NEW YORK, March 13: US President Bush stayed overnight in Pakistan during his recent trip to South Asia because of President Musharraf’s insistence and to reward an ally despite assumed caveats of the US secret service, the New York Times said on Monday.

Although President Bush has been back from the subcontinent for more than a week now, the Times said one big question from his trip remained: How did it happen that the president spent a night in Pakistan, the assumed haven of Osama Bin Laden and one of the most dangerous countries in the world?

“Pakistan is both an ally in the war on terror and, in some sense, a site where the war is being carried about,” said Steven J. Hadley, the national security adviser, in response to reporters’ questions in New Delhi on the eve of the Islamabad trip.

Mr Hadley added that ‘at this point, people are comfortable that the necessary precautions are in place’ but, nonetheless, ‘this is not a risk-free undertaking’.

The newspaper reflected that Mr Bush, like former president Clinton, made the political calculation that he could not visit India without visiting Pakistan, particularly if he was going to make a nuclear deal with India, as he did in New Delhi without offering the same to Mr Musharraf.

Beyond that, it was critical to maintain good relations with a country, however problematic, that is at the centre of the battle against terrorism. “It was the proper call and a gutsy one,” said Strobe Talbott, who was Mr Clinton’s deputy secretary of state.

White House officials will not say whether Mr Bush overruled the secret service in making the trip, or even if he was told not to go. But it is no secret that the service was in a state of anxiety during his time in Islamabad, the newspaper said.

The newspaper noted that for Mr Bush, who also kept the secret service busy with a stop in Kabul, the story began in January, when he met Pakistan’s Prime Minister Shaukat Aziz in the Oval Office. It was then, an administration official said, that Mr Bush privately committed to the overnight stay in Pakistan. After the meeting, Mr Bush announced that he would be visiting Pakistan and India in March, but White House officials left the dates for Pakistan vague. They repeatedly refused to say when, or for how long, Mr Bush would be in the country.

It observed that the fuzziness was to keep terrorists guessing about the timing of motorcades and the arrival of Air Force One, basic precautions passed down from a cloak-and-dagger trip that Mr Clinton made to Pakistan in 2000 that had the secret service in an uproar.

Six years later, accounts of the trip from former Clinton administration officials are far more harrowing than was known at the time.

It said that Daniel Benjamin and Steven Simon, two counter-terrorism directors on Mr Clinton’s National Security Council staff, recount in their book, The Age of Sacred Terror, the secret service argued strenuously against the trip.
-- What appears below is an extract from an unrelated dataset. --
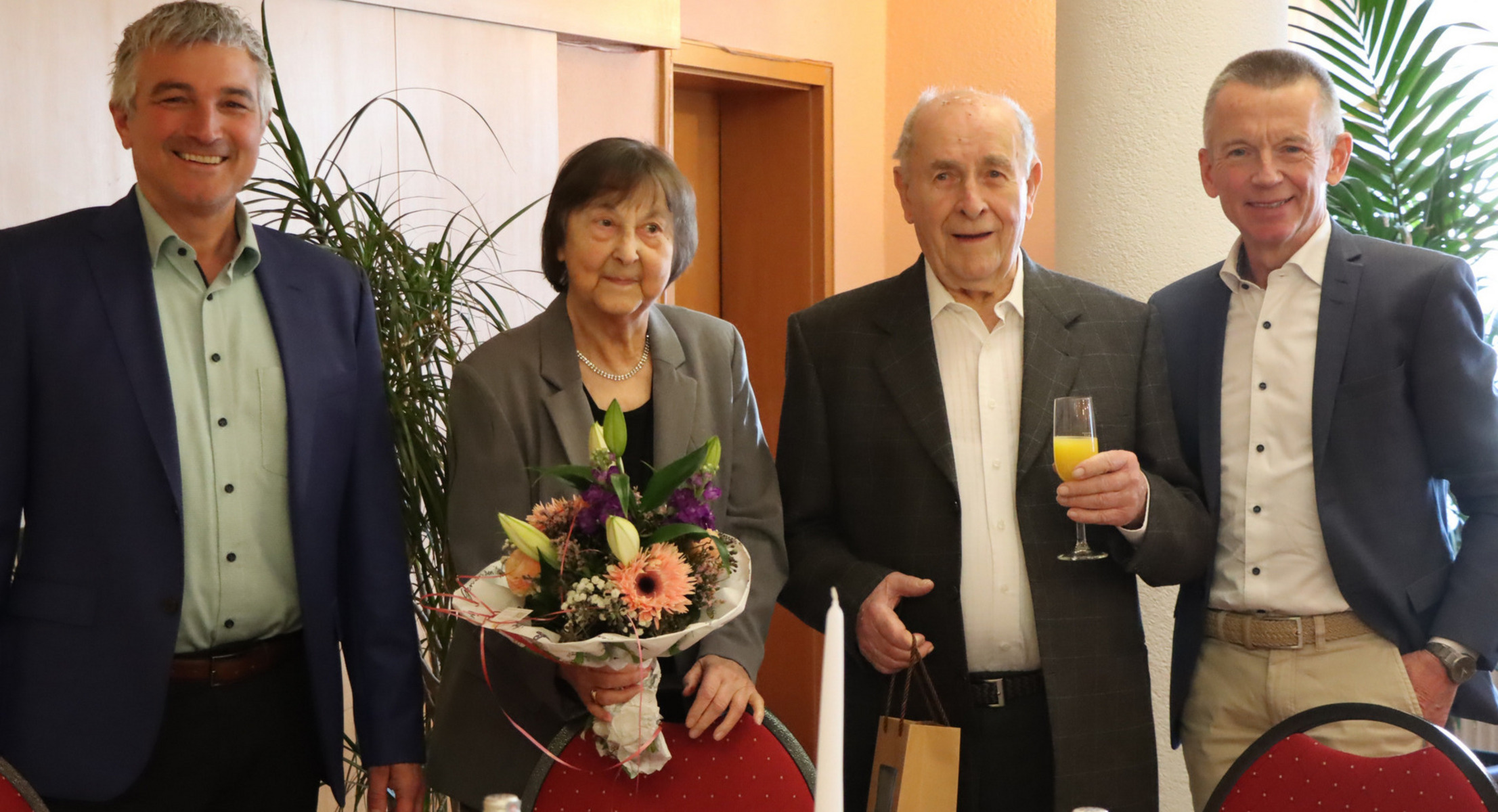 KREIS GROSS-GERAU – Ihre Gnadenhochzeit feierten die Eheleute Elsbeth und Jakob Müller am 9. April im Volkshaus Büttelborn. Sie freuten sich über mehr als 50 Gäste, unter ihnen Familienmitglieder, Nachbarn, Freunde, Schulkameraden - sowie Landrat Thomas Will und Bürgermeister Marcus Merkel. Der Landrat gratulierte zu den 70 Ehejahren mit einem großen Blumenstrauß und einer Urkunde, wünschte dem Paar alles erdenklich Gute auf dem weiteren gemeinsamen Weg.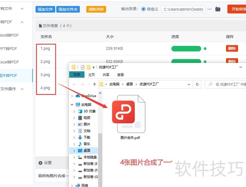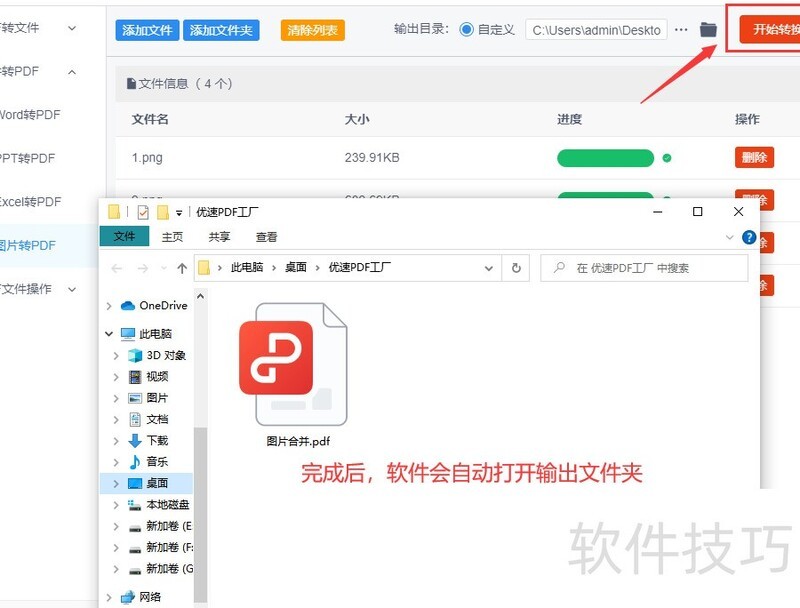 完成前三步后,点击开始转换按钮,软件会自动将上传的多张图片合并为一个PDF文件,并在完成后弹出输出文件夹,方便用户直接查看已生成的PDF文档。

“In the preparations for the 2000 visit, the service dug its heels in, repeatedly confronting the top NSC officials with horror scenarios,”

Mr Benjamin and Mr Simon write. “There was danger to Air Force One from ground fire. No one trusted the Pakistani military to keep travel routes in the country secret or secure. The service said it could not perform its mission: it could not protect the president. In a meeting with Clinton, Larry Cockell, the head of the presidential detail, told him so.”

Mr Clinton overruled the secret service, although he decided that his daughter, Chelsea, who was to accompany him to India, should not make the stop in Pakistan.

Mr Clinton ended up slipping into Islamabad for less than six hours on a small military jet owned by the CIA while an Air Force One decoy flew in to draw a possible attack. It was a dramatic and, for Mr Musharraf, embarrassing difference to the five previous days that Mr Clinton had spent out in the relative open in India, the newspaper said.

Mr Bush, on his way back to the Islamabad airport at the end of the trip, engaged in no motorcade feints — he and the first lady went by Blackhawk. A dozen secret service agents surrounded the helicopter as the couple disembarked and then climbed aboard Air Force One, which taxied to the end of the runway and took off in complete darkness.